I decided this morning to bite the bullet and take the machine in to Fracino, they are only half an hour from me and the machine was ready for a service so I thought that it would kill two birds with one stone.

It's been inspected I've agreed to the machine being overhauled overhauled whch means they will fully strip it down, replace anything that needs replacing and give it a full service for a fixed price of £150 plus VAT.

Whilst it's quite a chunk of money, it seems fair to me as should mean that by the middle of next week I will have a fully rebuilt, serviced and fault free machine that's going to be trouble free for the foreseeable future.
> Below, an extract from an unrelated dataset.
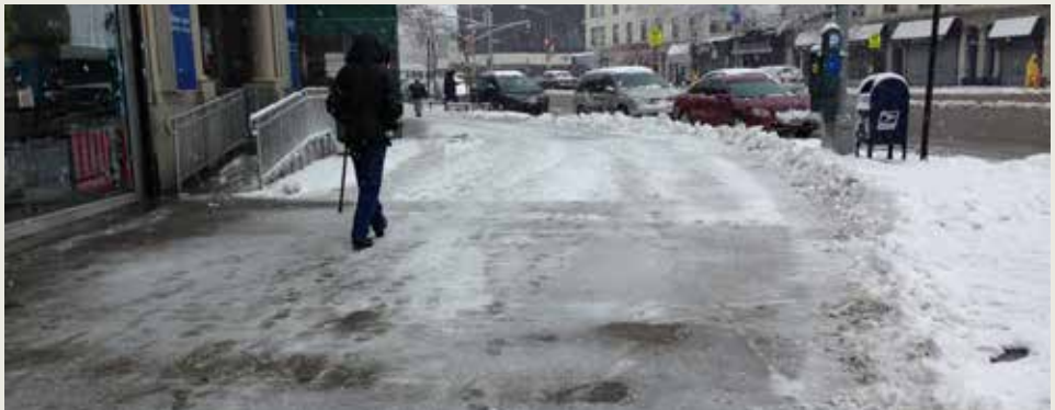
SPECIAL SNOW REMOVAL PROGRAM

I was suprised by the size of Fracino's setup, it was much bigger than I imagined, the service department occupy a seperate building from the warehouse and offices. Everyone I met there was very helpful and so far I am impressed with the service, I will post an update once I get the machine back and see how it is.

Thanks again.

Gerry


----------



## espressotechno (Apr 11, 2011)

Fracino are a good UK company: Still family owned & run. I think the founder Frank Maxwell is still allowed to roam about the place by his offspring !


----------



## GerryM (Feb 6, 2016)

I think that the service co-ordinator who booked my machine in and helpfully advised me, is the daughter of the current MD who is Frank Maxwells son so definately a family firm.


----------